= Asheville Zombie Walk =

The Asheville Zombie Walk started in October 2006 as a flash mob. Several hundred participants gathered in a cemetery in Asheville, North Carolina following prompts from MySpace and flyers. Throughout the years, the walk grew into the family-friendly Ashtoberfest, a program featuring additional events like zombie-themed bands and games.

During the 2008 presidential campaign between Barack Obama and John McCain, vice presidential candidate Sarah Palin made a campaign appearance in Asheville on World Zombie Day. Hundreds of zombie marchers broke off from the Zombie Walk to protest Palin's appearance at the town's civic center.

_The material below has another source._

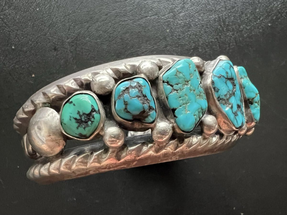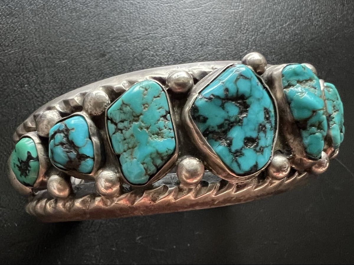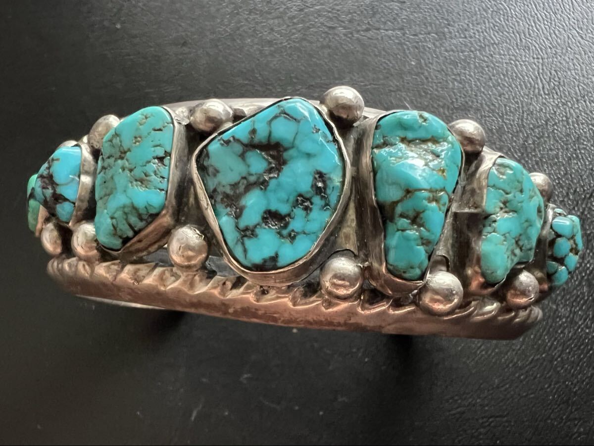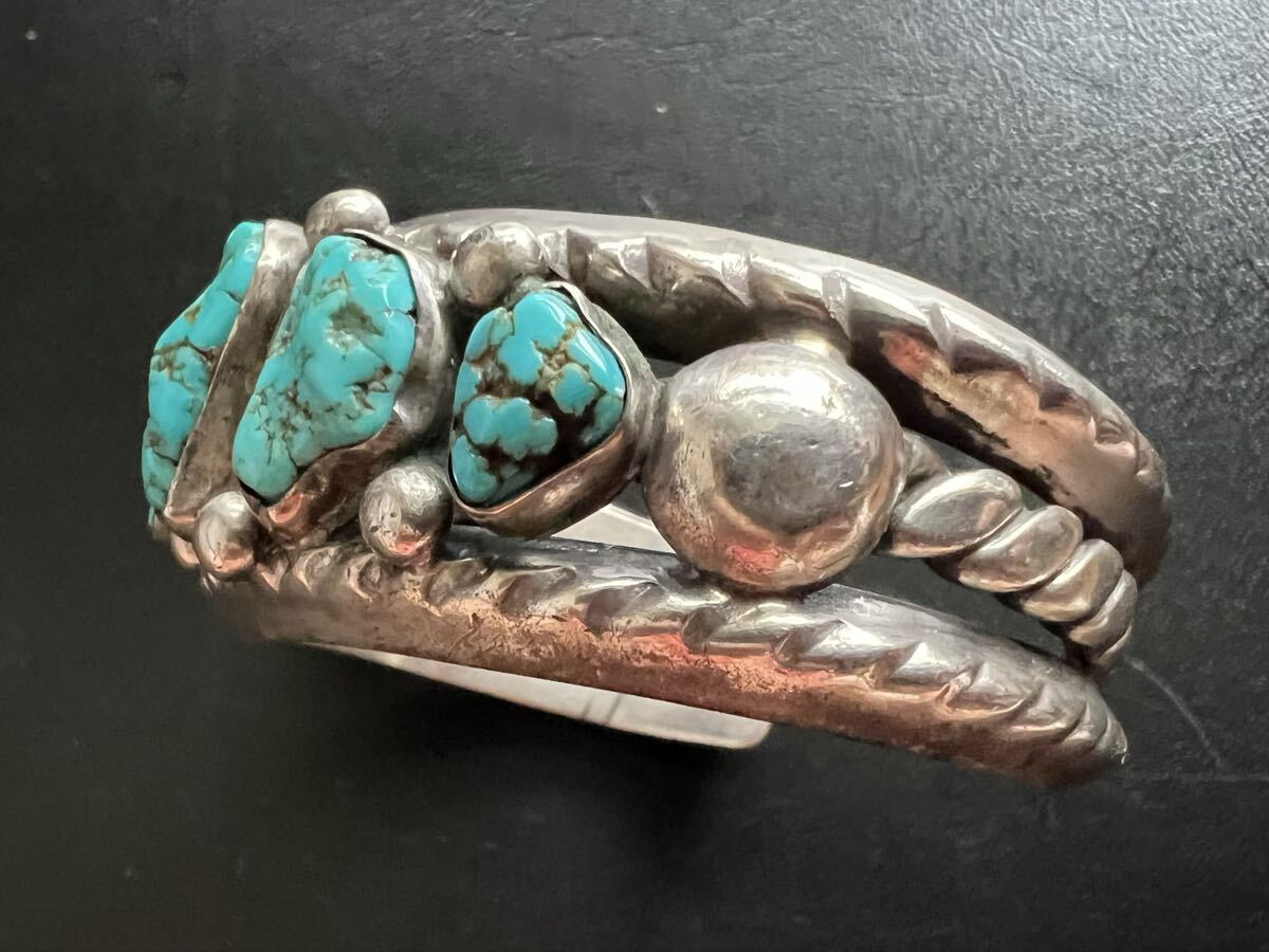 NAVAJO 【OLD PAWN】1950~60's GEM 7ターコイズ バングル Coin Silver インディアンジュエリー ズニ ホピ ナバホ
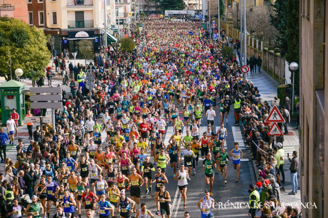 Pablo Sánchez en categoría masculina y Nuria Lugueros en la femenina se impusieron este lunes en la XXXVIII edición de la San Silvestre salmantina, la prueba deportiva con mayor participación de cuantas se celebran en la provincia. Había 6.433 dorsales asignados, pero siempre se apuntan cientos de corredores más que van por libre.

Founder Dan Burrello understood that Palin's appearance and the Zombie Walk might clash and was able to address the situation beforehand. Burrello said, “I mean, when you see 700 shambling dead zombies walking toward the Civic Center up the bridge, it would probably get the Secret Service's attention. So we gave them a heads up on it to make sure they know we're not doing any kind of protest or (are a) threat in anyway.”

The Asheville zombie Palin protestors appeared in several national media programs, including “Countdown with Keith Olbermann” on MSNBC.

In October 2011, the Zombie Walk moved from downtown Asheville to the Biltmore Square Mall on the outskirts of the city. Burello said having the walk at a mall was an homage to the 1978 classic zombie film “Dawn of the Dead.” One performer of note in 2011 was Secret Agent 23 Skidoo, who appears on the Grammy Award-winning album “All About Bullies. . . Big and Small.”

The Zombie Walk was discontinued as of 2017.